▶ [Exercise description] The full listing, minus its pictures, should be printed again exactly as it stands.

▶ [Dataset records]
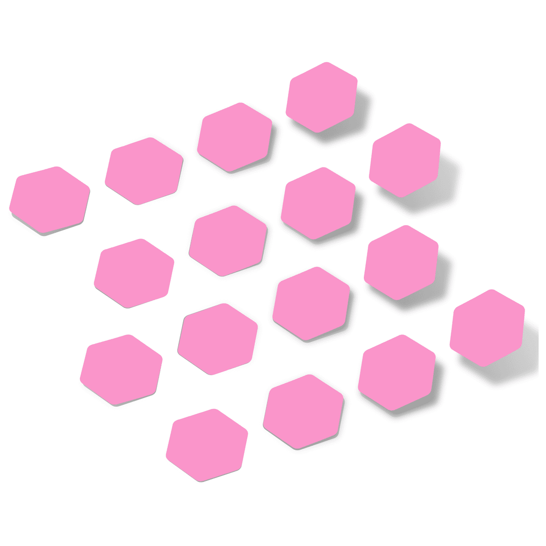 Enhance your space with our Pink Hexagons Vinyl Wall Decals in a combination of different sizes. Made from high performance grade vinyl, these quality die-cut decal stickers feature an anti-reflective matte finish and can be arranged in a variety of unique styles to decorate walls, vehicles, glass windows, electronics, or any other smooth surface, with easy, clean removal and no sticky residue left behind!
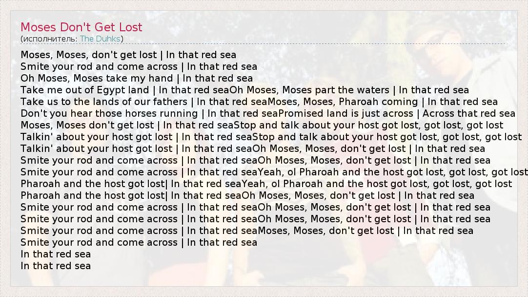 А как ты думаешь, о чем песня "Moses Don't Get Lost" ?
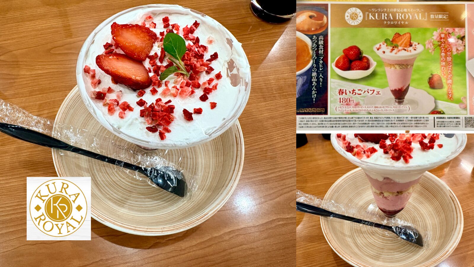 くら寿司でクラロワイヤルシーズから数量限定「春いちごパフェ」をいただきました。
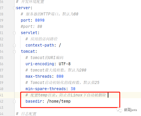 3.在配置文件中加入这个 server.tomcat.basedir=/XXX/XXX/XXX(自定义目录-网上看到的,验证了下启动时会自动创建该目录/XXX/XXX/XXX/work/Tomcat/localhost/ROOT)
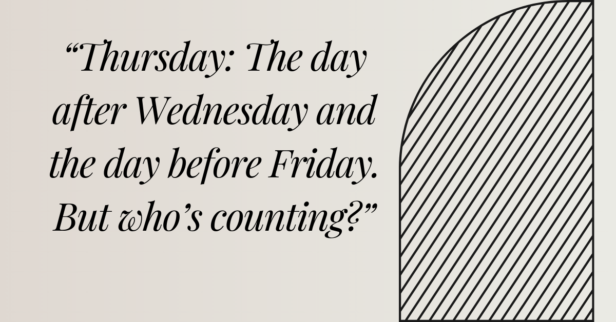 - “Thursday: The day after Wednesday and the day before Friday. But who’s counting?”
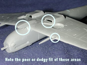 The interior parts fit each other fairly well and make into a nicely done interior. That was until I tried to fit it into the fuselage halves. I first glued the fuselage halves together. Thanks to the thin plastic, this wasn't as simple a task as you might think. The entire forward engine cowling is a separate piece (undoubtedly to allow different variants from a single mold) and so the fuselage halves are quite flexible. Once the fuselage was glued, I inserted the interior from underneath. Fit here is not at all good and I had to do a lot of fiddling around to get things to fit in a reasonable manner. The kit offers the option of having the small door open, but I glued it in place, realizing that I didn't want the poor fitting cockpit to be easily seen. Not really a problem as I later came to discover.
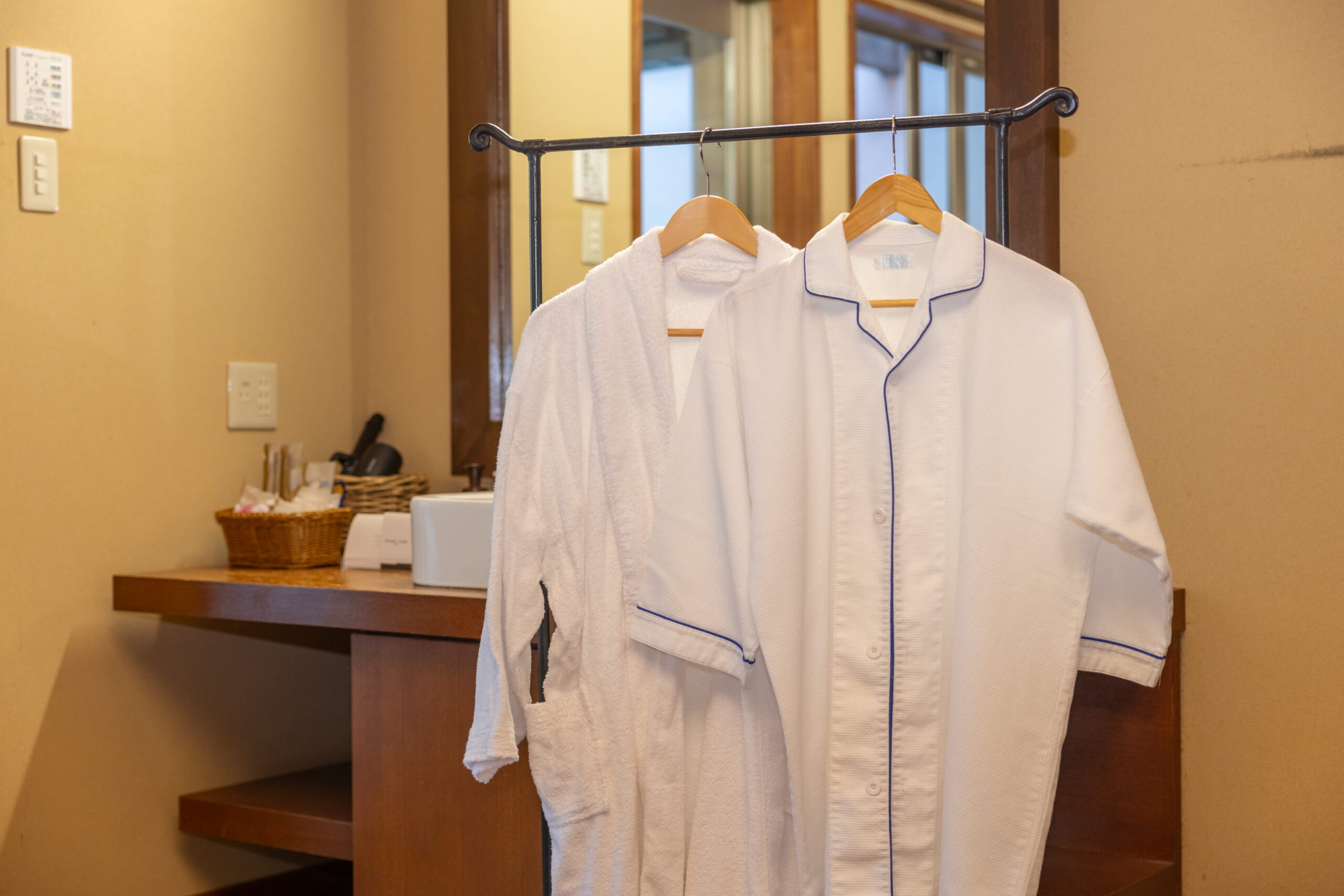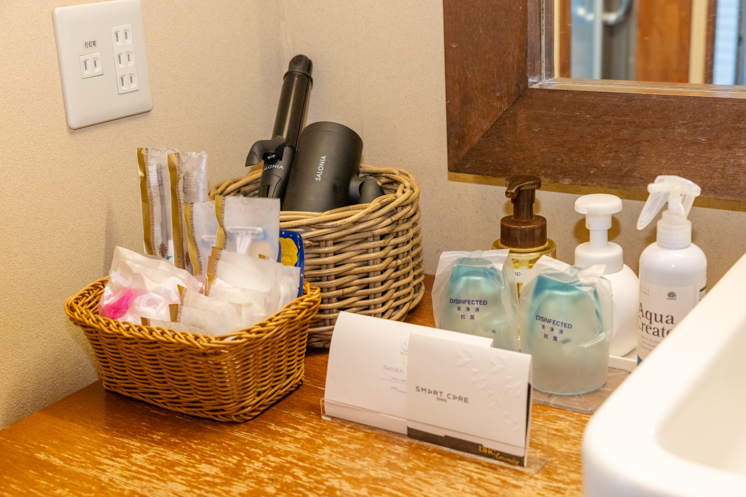 バスローブ / バスタオル / スリッパ / フェイスタオル/ シャンプー / トリートメント / 石鹸 / クレンジングフォーム / 化粧水 / 乳液 / 歯ブラシ / 綿棒 / コットン/ くし / カミソリ / シャワーキャップ
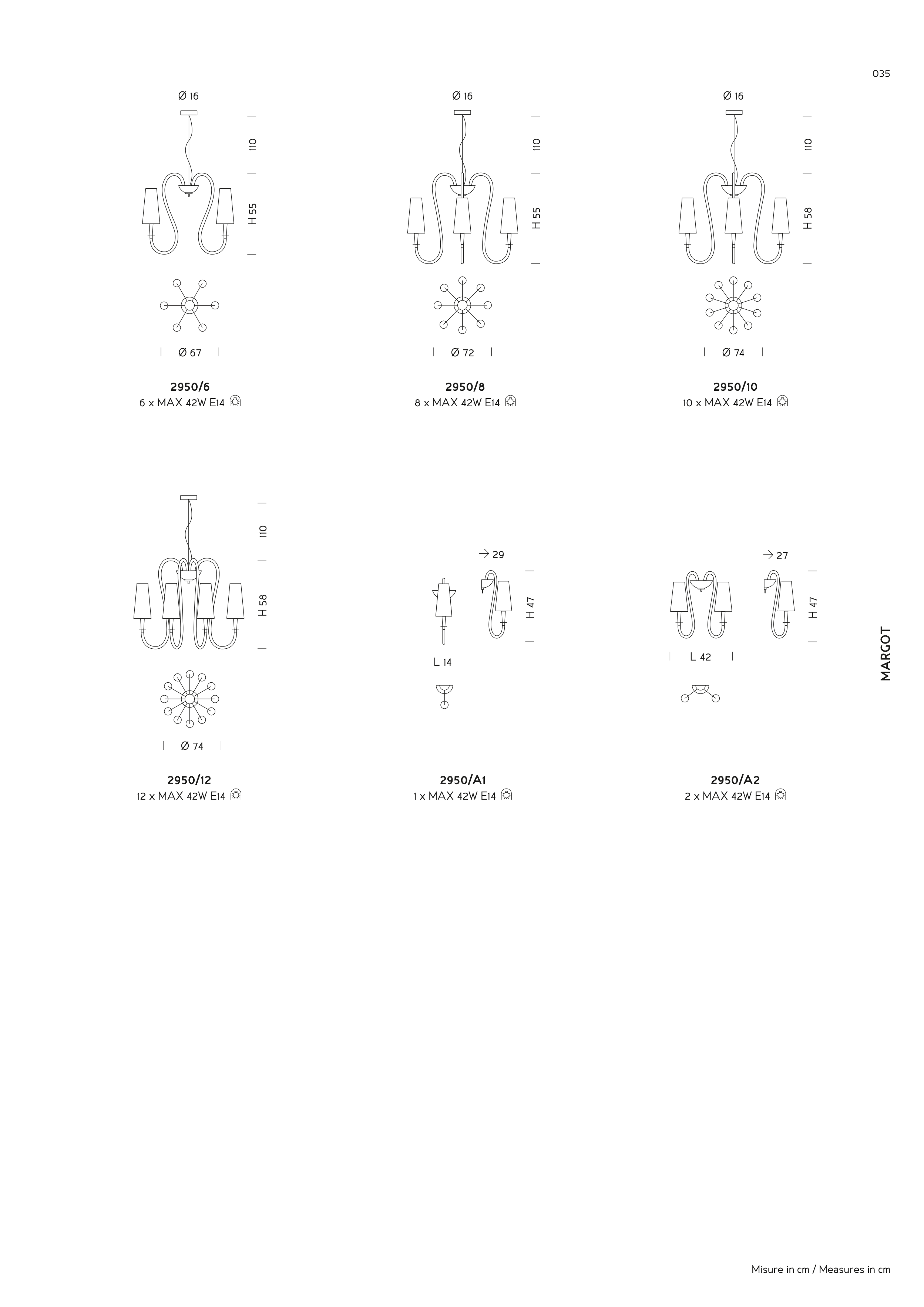 MARGOT 035 H 55 H 55 H 58 H 58 110 110 110 110 Ø 16 Ø 16 Ø 16 2950/6 6 x MAX 42W E14 2950/12 12 x MAX 42W E14 2950/8 8 x MAX 42W E14 2950/10 10 x MAX 42W E14 Ø 72 Ø 74 Ø 67 Ø 74 2950/A2 2 x MAX 42W E14 27 H 47 L 42 2950/A1 1 x MAX 42W E14 29 H 47 L 14 Misure in cm / Measures in cm

▶ [Output of the task]
 Enhance your space with our Pink Hexagons Vinyl Wall Decals in a combination of different sizes. Made from high performance grade vinyl, these quality die-cut decal stickers feature an anti-reflective matte finish and can be arranged in a variety of unique styles to decorate walls, vehicles, glass windows, electronics, or any other smooth surface, with easy, clean removal and no sticky residue left behind!
 А как ты думаешь, о чем песня "Moses Don't Get Lost" ?
 くら寿司でクラロワイヤルシーズから数量限定「春いちごパフェ」をいただきました。
 3.在配置文件中加入这个 server.tomcat.basedir=/XXX/XXX/XXX(自定义目录-网上看到的,验证了下启动时会自动创建该目录/XXX/XXX/XXX/work/Tomcat/localhost/ROOT)
 - “Thursday: The day after Wednesday and the day before Friday. But who’s counting?”
 The interior parts fit each other fairly well and make into a nicely done interior. That was until I tried to fit it into the fuselage halves. I first glued the fuselage halves together. Thanks to the thin plastic, this wasn't as simple a task as you might think. The entire forward engine cowling is a separate piece (undoubtedly to allow different variants from a single mold) and so the fuselage halves are quite flexible. Once the fuselage was glued, I inserted the interior from underneath. Fit here is not at all good and I had to do a lot of fiddling around to get things to fit in a reasonable manner. The kit offers the option of having the small door open, but I glued it in place, realizing that I didn't want the poor fitting cockpit to be easily seen. Not really a problem as I later came to discover.
 バスローブ / バスタオル / スリッパ / フェイスタオル/ シャンプー / トリートメント / 石鹸 / クレンジングフォーム / 化粧水 / 乳液 / 歯ブラシ / 綿棒 / コットン/ くし / カミソリ / シャワーキャップ
 MARGOT 035 H 55 H 55 H 58 H 58 110 110 110 110 Ø 16 Ø 16 Ø 16 2950/6 6 x MAX 42W E14 2950/12 12 x MAX 42W E14 2950/8 8 x MAX 42W E14 2950/10 10 x MAX 42W E14 Ø 72 Ø 74 Ø 67 Ø 74 2950/A2 2 x MAX 42W E14 27 H 47 L 42 2950/A1 1 x MAX 42W E14 29 H 47 L 14 Misure in cm / Measures in cm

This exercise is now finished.